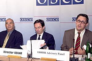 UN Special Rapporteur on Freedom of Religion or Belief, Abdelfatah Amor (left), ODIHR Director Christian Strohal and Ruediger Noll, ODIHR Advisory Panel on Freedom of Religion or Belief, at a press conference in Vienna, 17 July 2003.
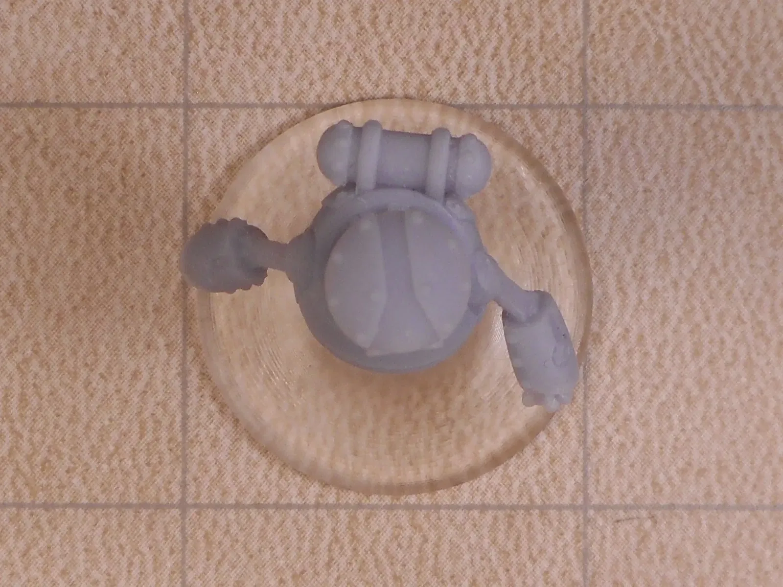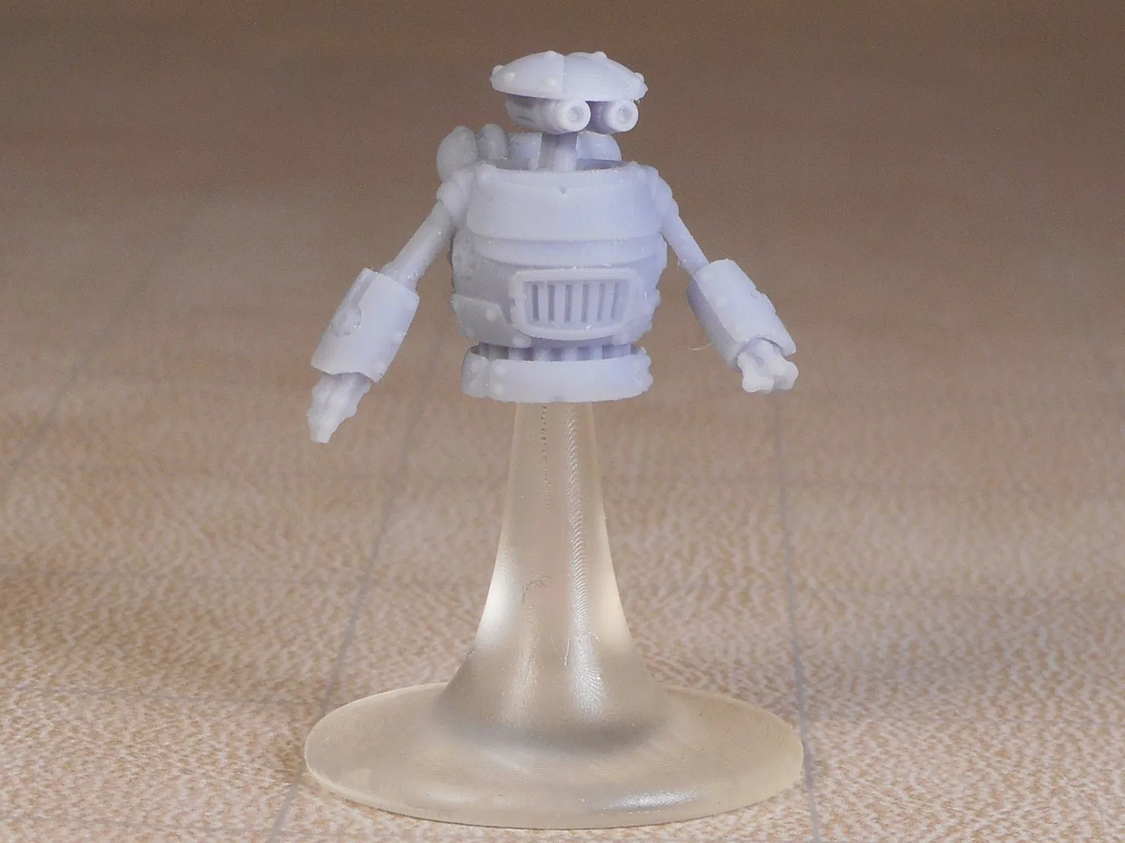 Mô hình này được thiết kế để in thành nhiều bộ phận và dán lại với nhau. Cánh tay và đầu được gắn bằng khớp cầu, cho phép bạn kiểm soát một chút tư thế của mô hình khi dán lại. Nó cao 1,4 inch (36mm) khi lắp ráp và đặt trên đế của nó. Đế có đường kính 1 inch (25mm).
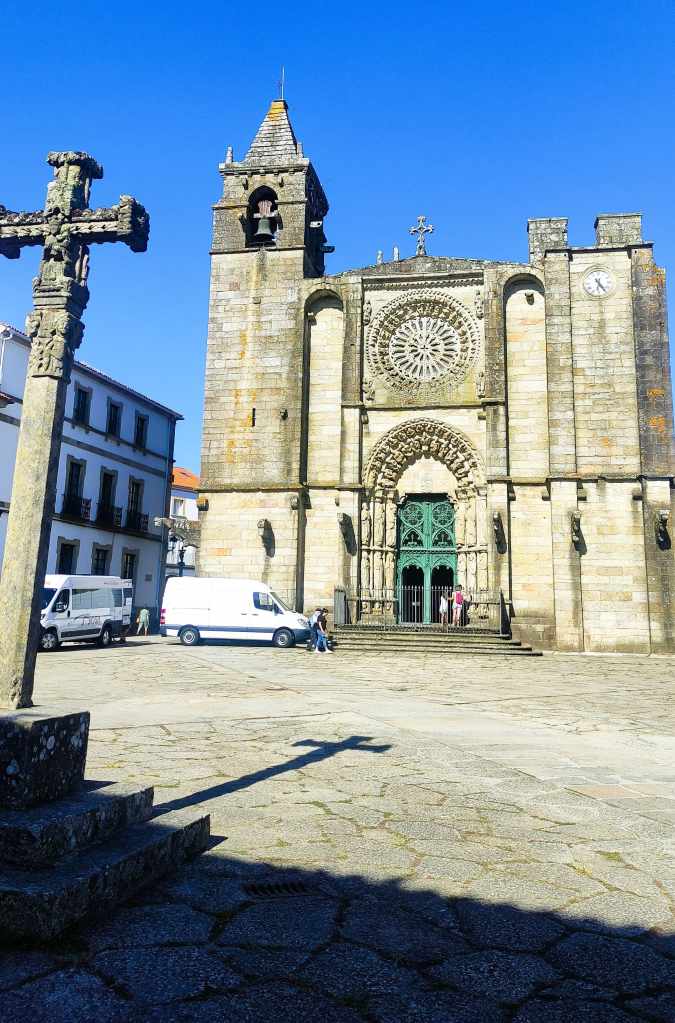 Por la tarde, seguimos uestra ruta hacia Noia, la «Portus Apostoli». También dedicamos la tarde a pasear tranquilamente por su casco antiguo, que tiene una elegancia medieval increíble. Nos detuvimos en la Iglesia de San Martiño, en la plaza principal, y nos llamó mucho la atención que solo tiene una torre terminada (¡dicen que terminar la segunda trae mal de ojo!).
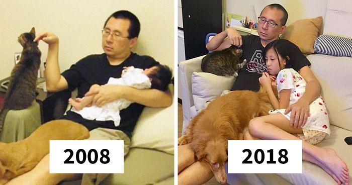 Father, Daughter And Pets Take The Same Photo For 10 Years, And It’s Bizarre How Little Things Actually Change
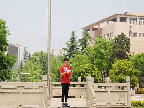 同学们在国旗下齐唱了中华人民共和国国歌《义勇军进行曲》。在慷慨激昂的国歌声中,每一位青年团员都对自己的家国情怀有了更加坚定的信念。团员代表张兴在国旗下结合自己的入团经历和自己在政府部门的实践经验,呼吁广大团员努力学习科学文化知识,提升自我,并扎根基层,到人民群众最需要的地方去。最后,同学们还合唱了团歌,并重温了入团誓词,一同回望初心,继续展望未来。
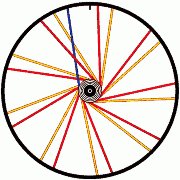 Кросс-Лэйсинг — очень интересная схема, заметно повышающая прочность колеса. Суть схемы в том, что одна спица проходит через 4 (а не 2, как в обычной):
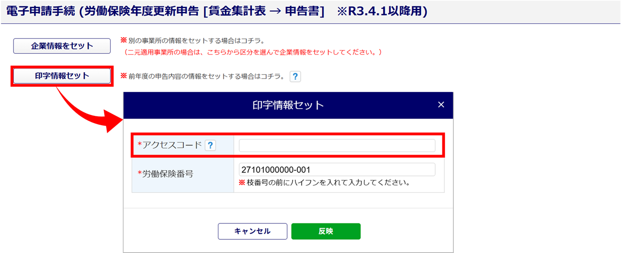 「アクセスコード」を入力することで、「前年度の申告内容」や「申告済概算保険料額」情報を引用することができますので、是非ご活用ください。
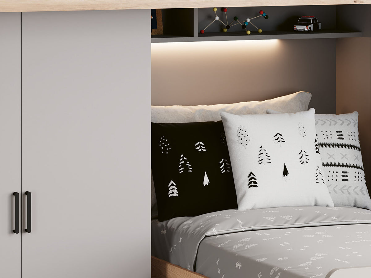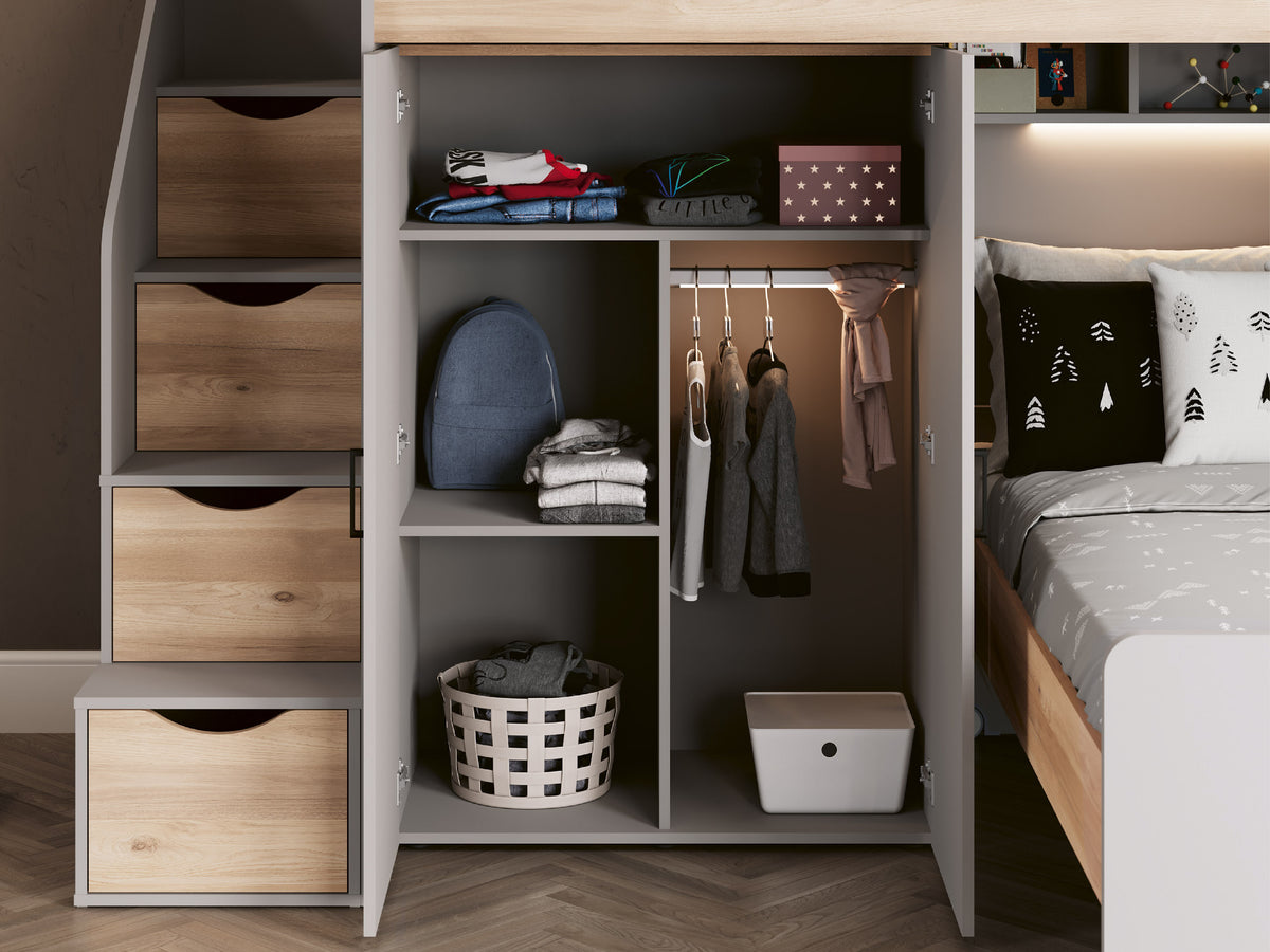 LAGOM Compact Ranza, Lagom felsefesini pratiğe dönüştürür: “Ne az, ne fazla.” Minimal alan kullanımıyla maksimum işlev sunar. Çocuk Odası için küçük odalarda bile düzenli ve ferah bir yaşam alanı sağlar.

> THE PROBLEM
From the first line to the last, repeat the records exactly. Leave out the pictures.

> RESPONSE TO THIS EXERCISE
 UN Special Rapporteur on Freedom of Religion or Belief, Abdelfatah Amor (left), ODIHR Director Christian Strohal and Ruediger Noll, ODIHR Advisory Panel on Freedom of Religion or Belief, at a press conference in Vienna, 17 July 2003.
 Mô hình này được thiết kế để in thành nhiều bộ phận và dán lại với nhau. Cánh tay và đầu được gắn bằng khớp cầu, cho phép bạn kiểm soát một chút tư thế của mô hình khi dán lại. Nó cao 1,4 inch (36mm) khi lắp ráp và đặt trên đế của nó. Đế có đường kính 1 inch (25mm).
 Por la tarde, seguimos uestra ruta hacia Noia, la «Portus Apostoli». También dedicamos la tarde a pasear tranquilamente por su casco antiguo, que tiene una elegancia medieval increíble. Nos detuvimos en la Iglesia de San Martiño, en la plaza principal, y nos llamó mucho la atención que solo tiene una torre terminada (¡dicen que terminar la segunda trae mal de ojo!).
 Father, Daughter And Pets Take The Same Photo For 10 Years, And It’s Bizarre How Little Things Actually Change
 同学们在国旗下齐唱了中华人民共和国国歌《义勇军进行曲》。在慷慨激昂的国歌声中,每一位青年团员都对自己的家国情怀有了更加坚定的信念。团员代表张兴在国旗下结合自己的入团经历和自己在政府部门的实践经验,呼吁广大团员努力学习科学文化知识,提升自我,并扎根基层,到人民群众最需要的地方去。最后,同学们还合唱了团歌,并重温了入团誓词,一同回望初心,继续展望未来。
 Кросс-Лэйсинг — очень интересная схема, заметно повышающая прочность колеса. Суть схемы в том, что одна спица проходит через 4 (а не 2, как в обычной):
 「アクセスコード」を入力することで、「前年度の申告内容」や「申告済概算保険料額」情報を引用することができますので、是非ご活用ください。
 LAGOM Compact Ranza, Lagom felsefesini pratiğe dönüştürür: “Ne az, ne fazla.” Minimal alan kullanımıyla maksimum işlev sunar. Çocuk Odası için küçük odalarda bile düzenli ve ferah bir yaşam alanı sağlar.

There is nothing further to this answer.